DATA TO PROCESS:
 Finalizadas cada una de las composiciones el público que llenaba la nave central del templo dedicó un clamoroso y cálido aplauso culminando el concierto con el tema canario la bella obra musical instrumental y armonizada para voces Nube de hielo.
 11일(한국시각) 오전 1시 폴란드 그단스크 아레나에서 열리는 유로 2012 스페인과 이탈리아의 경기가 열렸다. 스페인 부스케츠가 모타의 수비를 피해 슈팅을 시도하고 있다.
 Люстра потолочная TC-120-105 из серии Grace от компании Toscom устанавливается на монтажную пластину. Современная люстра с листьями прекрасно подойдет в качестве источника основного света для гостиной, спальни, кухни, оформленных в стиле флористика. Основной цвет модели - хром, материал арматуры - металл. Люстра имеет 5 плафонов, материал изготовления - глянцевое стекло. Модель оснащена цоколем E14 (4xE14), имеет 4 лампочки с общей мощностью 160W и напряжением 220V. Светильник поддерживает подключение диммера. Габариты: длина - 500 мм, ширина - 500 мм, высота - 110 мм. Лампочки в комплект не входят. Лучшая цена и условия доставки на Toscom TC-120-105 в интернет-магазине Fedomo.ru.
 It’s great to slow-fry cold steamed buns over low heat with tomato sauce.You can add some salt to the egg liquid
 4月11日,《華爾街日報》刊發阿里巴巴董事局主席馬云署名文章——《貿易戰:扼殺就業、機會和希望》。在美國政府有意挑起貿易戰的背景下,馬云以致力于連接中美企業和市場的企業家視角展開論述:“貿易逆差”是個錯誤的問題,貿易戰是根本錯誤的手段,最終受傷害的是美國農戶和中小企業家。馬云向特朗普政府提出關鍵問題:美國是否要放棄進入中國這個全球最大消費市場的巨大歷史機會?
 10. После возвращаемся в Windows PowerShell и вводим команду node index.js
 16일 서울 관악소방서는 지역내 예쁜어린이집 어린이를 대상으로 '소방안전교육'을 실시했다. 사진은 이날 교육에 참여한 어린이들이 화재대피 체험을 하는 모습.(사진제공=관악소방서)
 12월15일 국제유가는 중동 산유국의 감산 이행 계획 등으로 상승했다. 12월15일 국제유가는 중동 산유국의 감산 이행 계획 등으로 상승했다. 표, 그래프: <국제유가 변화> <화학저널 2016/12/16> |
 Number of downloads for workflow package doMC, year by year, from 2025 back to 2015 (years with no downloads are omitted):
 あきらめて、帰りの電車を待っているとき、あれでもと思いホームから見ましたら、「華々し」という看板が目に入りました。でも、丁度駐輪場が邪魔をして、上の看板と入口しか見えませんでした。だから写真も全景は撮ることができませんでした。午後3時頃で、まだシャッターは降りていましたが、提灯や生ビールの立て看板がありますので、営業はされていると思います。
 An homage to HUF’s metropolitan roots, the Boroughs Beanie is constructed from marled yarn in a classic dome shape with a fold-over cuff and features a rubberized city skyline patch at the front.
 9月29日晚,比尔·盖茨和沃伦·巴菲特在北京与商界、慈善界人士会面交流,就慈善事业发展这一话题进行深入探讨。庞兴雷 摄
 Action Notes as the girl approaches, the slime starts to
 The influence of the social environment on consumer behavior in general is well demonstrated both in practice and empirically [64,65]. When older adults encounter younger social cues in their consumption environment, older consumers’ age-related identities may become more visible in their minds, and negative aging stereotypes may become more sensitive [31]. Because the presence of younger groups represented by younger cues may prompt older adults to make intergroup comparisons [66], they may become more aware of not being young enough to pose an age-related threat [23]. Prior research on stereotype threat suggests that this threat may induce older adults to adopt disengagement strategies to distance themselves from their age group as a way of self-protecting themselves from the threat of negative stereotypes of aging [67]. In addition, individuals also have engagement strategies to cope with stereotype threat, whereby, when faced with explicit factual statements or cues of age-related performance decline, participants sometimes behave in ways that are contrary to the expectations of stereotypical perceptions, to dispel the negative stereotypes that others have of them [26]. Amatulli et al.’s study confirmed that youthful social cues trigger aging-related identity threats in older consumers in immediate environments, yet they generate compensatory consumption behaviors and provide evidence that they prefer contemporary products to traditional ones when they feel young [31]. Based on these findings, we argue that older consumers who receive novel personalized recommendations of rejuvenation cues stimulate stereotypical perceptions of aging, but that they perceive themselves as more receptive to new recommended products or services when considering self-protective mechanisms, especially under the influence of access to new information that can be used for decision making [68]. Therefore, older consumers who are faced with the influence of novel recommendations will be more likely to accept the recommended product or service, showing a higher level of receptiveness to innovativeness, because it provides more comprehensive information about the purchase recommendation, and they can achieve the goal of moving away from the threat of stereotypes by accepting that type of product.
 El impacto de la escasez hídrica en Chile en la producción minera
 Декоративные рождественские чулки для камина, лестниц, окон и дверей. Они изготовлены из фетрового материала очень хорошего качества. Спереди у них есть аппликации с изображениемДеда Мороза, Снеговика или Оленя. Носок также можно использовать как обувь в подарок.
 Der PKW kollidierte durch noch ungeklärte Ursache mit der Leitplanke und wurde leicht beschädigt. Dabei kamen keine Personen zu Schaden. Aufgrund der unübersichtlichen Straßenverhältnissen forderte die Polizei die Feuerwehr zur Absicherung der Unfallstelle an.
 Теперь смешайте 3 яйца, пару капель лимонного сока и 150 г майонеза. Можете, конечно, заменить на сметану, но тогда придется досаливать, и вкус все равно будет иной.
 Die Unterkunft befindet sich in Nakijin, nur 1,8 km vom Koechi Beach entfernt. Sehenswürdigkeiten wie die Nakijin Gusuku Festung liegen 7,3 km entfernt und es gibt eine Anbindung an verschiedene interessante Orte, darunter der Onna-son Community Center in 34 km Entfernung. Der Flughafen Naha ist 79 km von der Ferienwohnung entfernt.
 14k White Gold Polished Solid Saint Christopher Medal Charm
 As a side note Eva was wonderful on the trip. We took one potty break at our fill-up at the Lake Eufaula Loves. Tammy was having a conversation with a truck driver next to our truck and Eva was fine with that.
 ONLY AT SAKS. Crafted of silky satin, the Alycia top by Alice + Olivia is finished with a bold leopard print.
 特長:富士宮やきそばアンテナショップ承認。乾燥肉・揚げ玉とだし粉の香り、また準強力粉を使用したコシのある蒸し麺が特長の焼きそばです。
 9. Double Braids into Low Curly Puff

YOUR TASK: Give the listing above again in full, with no word altered.

COMPLETED EXERCISE:
 Finalizadas cada una de las composiciones el público que llenaba la nave central del templo dedicó un clamoroso y cálido aplauso culminando el concierto con el tema canario la bella obra musical instrumental y armonizada para voces Nube de hielo.
 11일(한국시각) 오전 1시 폴란드 그단스크 아레나에서 열리는 유로 2012 스페인과 이탈리아의 경기가 열렸다. 스페인 부스케츠가 모타의 수비를 피해 슈팅을 시도하고 있다.
 Люстра потолочная TC-120-105 из серии Grace от компании Toscom устанавливается на монтажную пластину. Современная люстра с листьями прекрасно подойдет в качестве источника основного света для гостиной, спальни, кухни, оформленных в стиле флористика. Основной цвет модели - хром, материал арматуры - металл. Люстра имеет 5 плафонов, материал изготовления - глянцевое стекло. Модель оснащена цоколем E14 (4xE14), имеет 4 лампочки с общей мощностью 160W и напряжением 220V. Светильник поддерживает подключение диммера. Габариты: длина - 500 мм, ширина - 500 мм, высота - 110 мм. Лампочки в комплект не входят. Лучшая цена и условия доставки на Toscom TC-120-105 в интернет-магазине Fedomo.ru.
 It’s great to slow-fry cold steamed buns over low heat with tomato sauce.You can add some salt to the egg liquid
 4月11日,《華爾街日報》刊發阿里巴巴董事局主席馬云署名文章——《貿易戰:扼殺就業、機會和希望》。在美國政府有意挑起貿易戰的背景下,馬云以致力于連接中美企業和市場的企業家視角展開論述:“貿易逆差”是個錯誤的問題,貿易戰是根本錯誤的手段,最終受傷害的是美國農戶和中小企業家。馬云向特朗普政府提出關鍵問題:美國是否要放棄進入中國這個全球最大消費市場的巨大歷史機會?
 10. После возвращаемся в Windows PowerShell и вводим команду node index.js
 16일 서울 관악소방서는 지역내 예쁜어린이집 어린이를 대상으로 '소방안전교육'을 실시했다. 사진은 이날 교육에 참여한 어린이들이 화재대피 체험을 하는 모습.(사진제공=관악소방서)
 12월15일 국제유가는 중동 산유국의 감산 이행 계획 등으로 상승했다. 12월15일 국제유가는 중동 산유국의 감산 이행 계획 등으로 상승했다. 표, 그래프: <국제유가 변화> <화학저널 2016/12/16> |
 Number of downloads for workflow package doMC, year by year, from 2025 back to 2015 (years with no downloads are omitted):
 あきらめて、帰りの電車を待っているとき、あれでもと思いホームから見ましたら、「華々し」という看板が目に入りました。でも、丁度駐輪場が邪魔をして、上の看板と入口しか見えませんでした。だから写真も全景は撮ることができませんでした。午後3時頃で、まだシャッターは降りていましたが、提灯や生ビールの立て看板がありますので、営業はされていると思います。
 An homage to HUF’s metropolitan roots, the Boroughs Beanie is constructed from marled yarn in a classic dome shape with a fold-over cuff and features a rubberized city skyline patch at the front.
 9月29日晚,比尔·盖茨和沃伦·巴菲特在北京与商界、慈善界人士会面交流,就慈善事业发展这一话题进行深入探讨。庞兴雷 摄
 Action Notes as the girl approaches, the slime starts to
 The influence of the social environment on consumer behavior in general is well demonstrated both in practice and empirically [64,65]. When older adults encounter younger social cues in their consumption environment, older consumers’ age-related identities may become more visible in their minds, and negative aging stereotypes may become more sensitive [31]. Because the presence of younger groups represented by younger cues may prompt older adults to make intergroup comparisons [66], they may become more aware of not being young enough to pose an age-related threat [23]. Prior research on stereotype threat suggests that this threat may induce older adults to adopt disengagement strategies to distance themselves from their age group as a way of self-protecting themselves from the threat of negative stereotypes of aging [67]. In addition, individuals also have engagement strategies to cope with stereotype threat, whereby, when faced with explicit factual statements or cues of age-related performance decline, participants sometimes behave in ways that are contrary to the expectations of stereotypical perceptions, to dispel the negative stereotypes that others have of them [26]. Amatulli et al.’s study confirmed that youthful social cues trigger aging-related identity threats in older consumers in immediate environments, yet they generate compensatory consumption behaviors and provide evidence that they prefer contemporary products to traditional ones when they feel young [31]. Based on these findings, we argue that older consumers who receive novel personalized recommendations of rejuvenation cues stimulate stereotypical perceptions of aging, but that they perceive themselves as more receptive to new recommended products or services when considering self-protective mechanisms, especially under the influence of access to new information that can be used for decision making [68]. Therefore, older consumers who are faced with the influence of novel recommendations will be more likely to accept the recommended product or service, showing a higher level of receptiveness to innovativeness, because it provides more comprehensive information about the purchase recommendation, and they can achieve the goal of moving away from the threat of stereotypes by accepting that type of product.
 El impacto de la escasez hídrica en Chile en la producción minera
 Декоративные рождественские чулки для камина, лестниц, окон и дверей. Они изготовлены из фетрового материала очень хорошего качества. Спереди у них есть аппликации с изображениемДеда Мороза, Снеговика или Оленя. Носок также можно использовать как обувь в подарок.
 Der PKW kollidierte durch noch ungeklärte Ursache mit der Leitplanke und wurde leicht beschädigt. Dabei kamen keine Personen zu Schaden. Aufgrund der unübersichtlichen Straßenverhältnissen forderte die Polizei die Feuerwehr zur Absicherung der Unfallstelle an.
 Теперь смешайте 3 яйца, пару капель лимонного сока и 150 г майонеза. Можете, конечно, заменить на сметану, но тогда придется досаливать, и вкус все равно будет иной.
 Die Unterkunft befindet sich in Nakijin, nur 1,8 km vom Koechi Beach entfernt. Sehenswürdigkeiten wie die Nakijin Gusuku Festung liegen 7,3 km entfernt und es gibt eine Anbindung an verschiedene interessante Orte, darunter der Onna-son Community Center in 34 km Entfernung. Der Flughafen Naha ist 79 km von der Ferienwohnung entfernt.
 14k White Gold Polished Solid Saint Christopher Medal Charm
 As a side note Eva was wonderful on the trip. We took one potty break at our fill-up at the Lake Eufaula Loves. Tammy was having a conversation with a truck driver next to our truck and Eva was fine with that.
 ONLY AT SAKS. Crafted of silky satin, the Alycia top by Alice + Olivia is finished with a bold leopard print.
 特長:富士宮やきそばアンテナショップ承認。乾燥肉・揚げ玉とだし粉の香り、また準強力粉を使用したコシのある蒸し麺が特長の焼きそばです。
 9. Double Braids into Low Curly Puff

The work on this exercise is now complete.